You do this by using devices like routers, switches, and bridges. Figure 1.1 displays a network that’s been segmented with a switch so each network segment connected to the switch is now a separate collision domain. But make note of the fact that this network is still one broadcast domain.
Keep in mind that the hub used in Figure 1.1 just extended the one collision domain from the switch port. Here’s a list of some of the things that commonly cause LAN traffic congestion:
- Too many hosts in a broadcast domain
- Broadcast storms
- Multicasting
- Low bandwidth
- Adding hubs for connectivity to the network
- A bunch of ARP or IPX traffic ( IPX is a Novell protocol that is like IP but really, really chatty. Typically, it is not used in today’s networks.)
Now routers are used to connect networks together and route packets of data from one network to another. Cisco became the de facto standard of routers because of its high-quality router products, great selection, and fantastic service. Routers, by default, break up a broadcast domain -the set of all devices on a network segment that hear all the broadcasts sent on that segment. Figure 1.2 shows a router in our little network that creates an internetwork and breaks up broadcast domains.
The network in Figure 1.2 shows that each host is connected to its own collision domain, and the router has created two broadcast domains. And don’t forget that the router provides connections to WAN services as well! The router uses something called a serial interface for WAN connections, specifically, a V.35 physical interface on a Cisco router.
Breaking up a broadcast domain is important because when a host or server sends a network broadcast, every device on the network must read and process that broadcast—unless you’ve got a router. When the router’s interface receives this broadcast, it can respond by basically saying, “Thanks, but no thanks,” and discard the broadcast without forwarding it on to other networks. Even though routers are known for breaking up broadcast domains by default, it’s important to remember that they break up collision domains as well. There are two advantages of using routers in your network:
- They don’t forward broadcasts by default.

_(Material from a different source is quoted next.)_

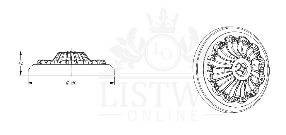 Rozeta R10 została wykonana z wysokiej jakości lekkiego materiału poliuretan . Można ją przemalować na dowolny kolor, używając farb niezawierających rozpuszczalników. Doskonale aranżuje puste, zwyczajne ściany, tworząc na nich przepiękne ozdoby. Odporny na uszkodzenia oraz wilgoć.

- They can filter the network based on layer 3 (Network layer) information (e.g., IP address).
- Packet switching
- Packet filtering
- Internetwork communication
- Path selection
Remember that routers are really switches; they’re actually what we call layer 3 switches. Unlike layer 2 switches, which forward or filter frames, routers (layer 3 switches) use logical addressing and provide what is called packet switching . Routers can also provide packet filtering by using access lists, and when routers connect two or more networks together and use logical addressing (IP or IPv6), this is called an internetwork. Last, routers use a routing table (map of the internetwork) to make path selections and to forward packets to remote networks.
Conversely, switches aren’t used to create internetworks (they do not break up broadcast domains by default); they’re employed to add functionality to a network LAN. The main purpose of a switch is to make a LAN work better—to optimize its performance—providing more bandwidth for the LAN’s users. And switches don’t forward packets to other networks as routers do. Instead, they only “switch” frames from one port to another within the switched network.
By default, switches break up collision domains . This is an Ethernet term used to describe a network scenario wherein one particular device sends a packet on a network segment, forcing every other device on that same segment to pay attention to it. At the same time, a different device tries to transmit, leading to a collision, after which both devices must retransmit, one at a time. Not very efficient! This situation is typically found in a hub environment where each host segment connects to a hub that represents only one collision domain and only one broadcast domain. By contrast, each and every port on a switch represents its own collision domain.
The term bridging was introduced before routers, switches and hubs were implemented, so it’s pretty common to hear people referring to bridges as switches. That’s because bridges and
switches basically do the same thing—break up collision domains on a LAN (in reality, you cannot buy a physical bridge these days, only LAN switches, but they use bridging technologies, so Cisco still calls them multiport bridges).
So what this means is that a switch is basically just a multiple-port bridge with more brainpower, right? Well, pretty much, but there are differences. Switches do provide this function, but they do so with greatly enhanced management ability and features. Plus, most of the time, bridges only had 2 or 4 ports. Yes, you could get your hands on a bridge with up to 16 ports, but that’s nothing compared to the hundreds available on some switches!